■ **WHAT YOU ARE ASKED TO DO**
Word for word, please copy the line containing "26 Verwahrstellen sind" and all lines after it in the entries below, and only those, leaving every picture out.

■ **DATA RECORDS**
━━━━━━━━━━

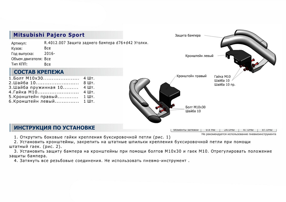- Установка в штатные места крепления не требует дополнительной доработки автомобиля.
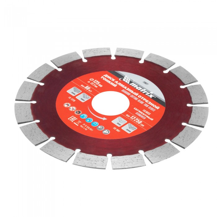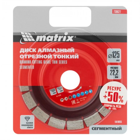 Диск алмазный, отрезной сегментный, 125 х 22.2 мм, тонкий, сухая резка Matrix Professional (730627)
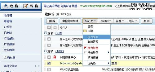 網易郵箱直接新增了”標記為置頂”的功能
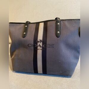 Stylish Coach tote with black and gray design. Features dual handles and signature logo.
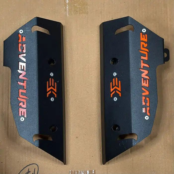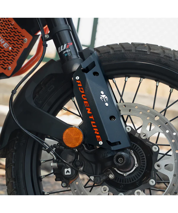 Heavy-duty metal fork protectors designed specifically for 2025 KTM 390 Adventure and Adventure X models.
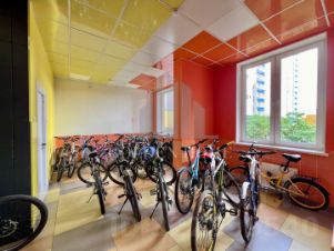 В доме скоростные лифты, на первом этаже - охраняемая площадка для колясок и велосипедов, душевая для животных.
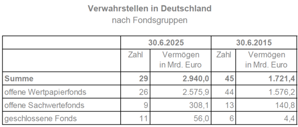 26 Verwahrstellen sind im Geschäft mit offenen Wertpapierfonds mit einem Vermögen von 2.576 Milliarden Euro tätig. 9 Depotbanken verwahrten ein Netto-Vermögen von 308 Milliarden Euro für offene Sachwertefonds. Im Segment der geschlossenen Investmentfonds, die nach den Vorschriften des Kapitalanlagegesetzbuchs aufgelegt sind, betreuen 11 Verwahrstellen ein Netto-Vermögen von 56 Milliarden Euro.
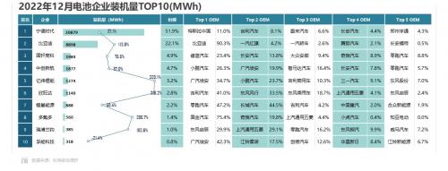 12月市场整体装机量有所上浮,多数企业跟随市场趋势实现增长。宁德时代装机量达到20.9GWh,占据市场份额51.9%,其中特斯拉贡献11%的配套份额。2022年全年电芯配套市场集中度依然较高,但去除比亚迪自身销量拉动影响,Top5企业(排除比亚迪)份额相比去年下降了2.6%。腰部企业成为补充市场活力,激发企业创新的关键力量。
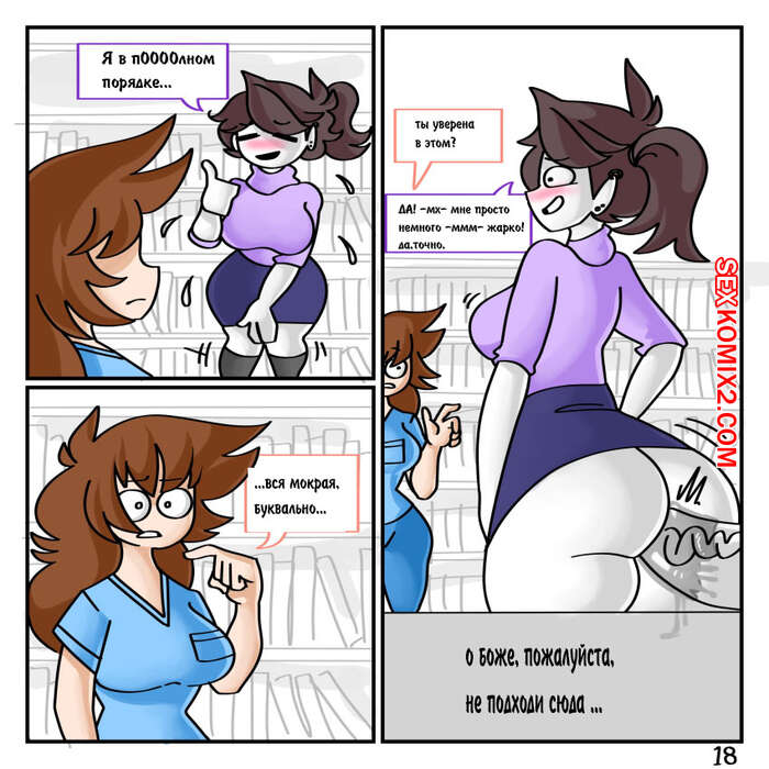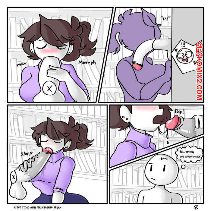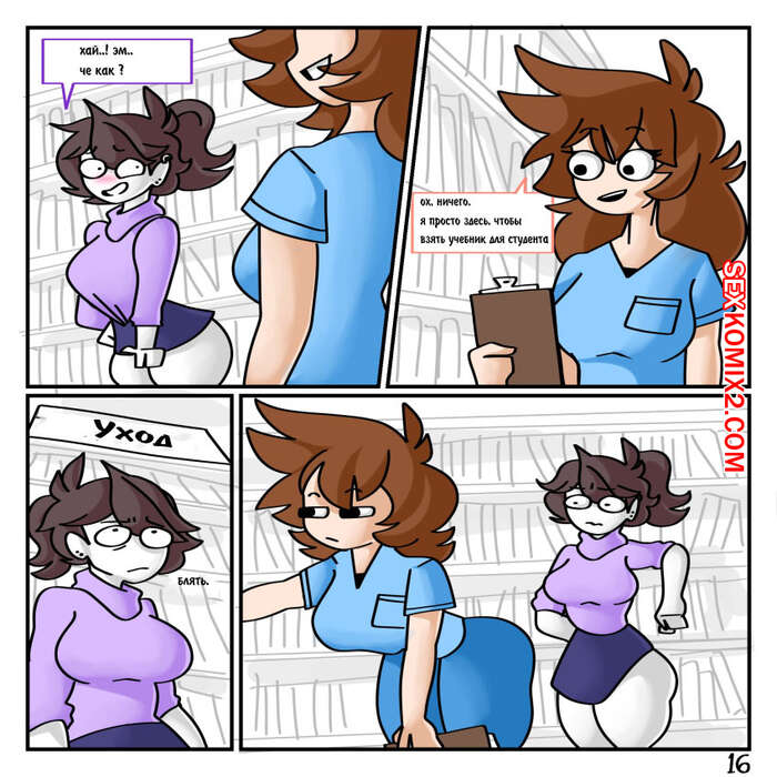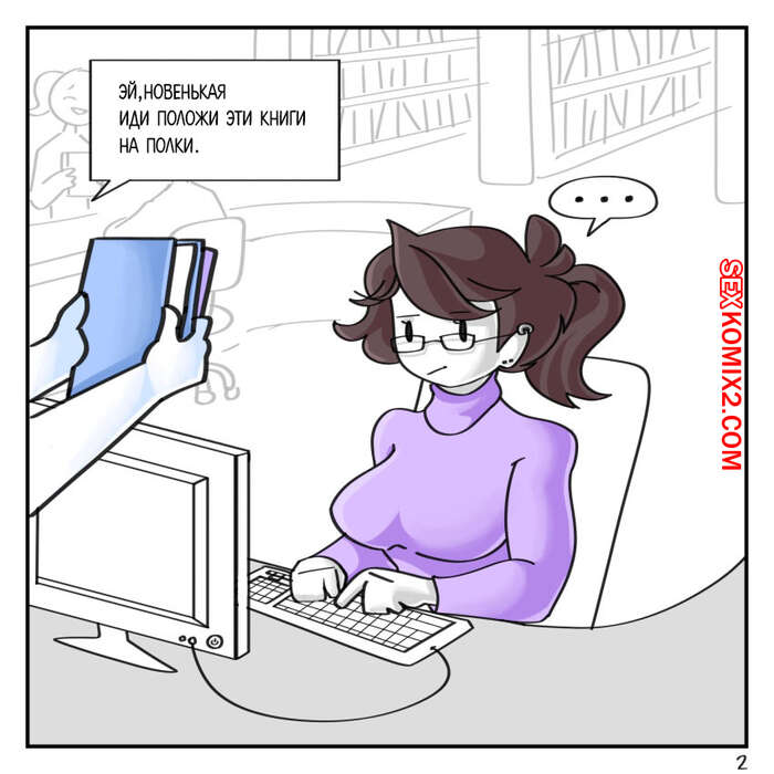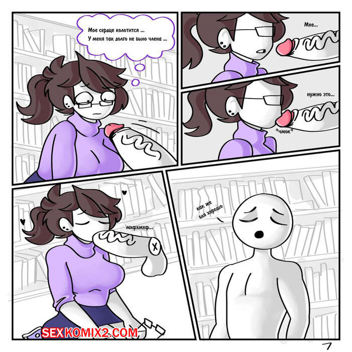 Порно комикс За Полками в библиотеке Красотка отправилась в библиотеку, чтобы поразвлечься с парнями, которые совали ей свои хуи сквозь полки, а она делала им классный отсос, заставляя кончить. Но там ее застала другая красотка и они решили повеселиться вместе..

━━━━━━━━━━

■ **YOUR RESPONSE**
 26 Verwahrstellen sind im Geschäft mit offenen Wertpapierfonds mit einem Vermögen von 2.576 Milliarden Euro tätig. 9 Depotbanken verwahrten ein Netto-Vermögen von 308 Milliarden Euro für offene Sachwertefonds. Im Segment der geschlossenen Investmentfonds, die nach den Vorschriften des Kapitalanlagegesetzbuchs aufgelegt sind, betreuen 11 Verwahrstellen ein Netto-Vermögen von 56 Milliarden Euro.
 12月市场整体装机量有所上浮,多数企业跟随市场趋势实现增长。宁德时代装机量达到20.9GWh,占据市场份额51.9%,其中特斯拉贡献11%的配套份额。2022年全年电芯配套市场集中度依然较高,但去除比亚迪自身销量拉动影响,Top5企业(排除比亚迪)份额相比去年下降了2.6%。腰部企业成为补充市场活力,激发企业创新的关键力量。
 Порно комикс За Полками в библиотеке Красотка отправилась в библиотеку, чтобы поразвлечься с парнями, которые совали ей свои хуи сквозь полки, а она делала им классный отсос, заставляя кончить. Но там ее застала другая красотка и они решили повеселиться вместе..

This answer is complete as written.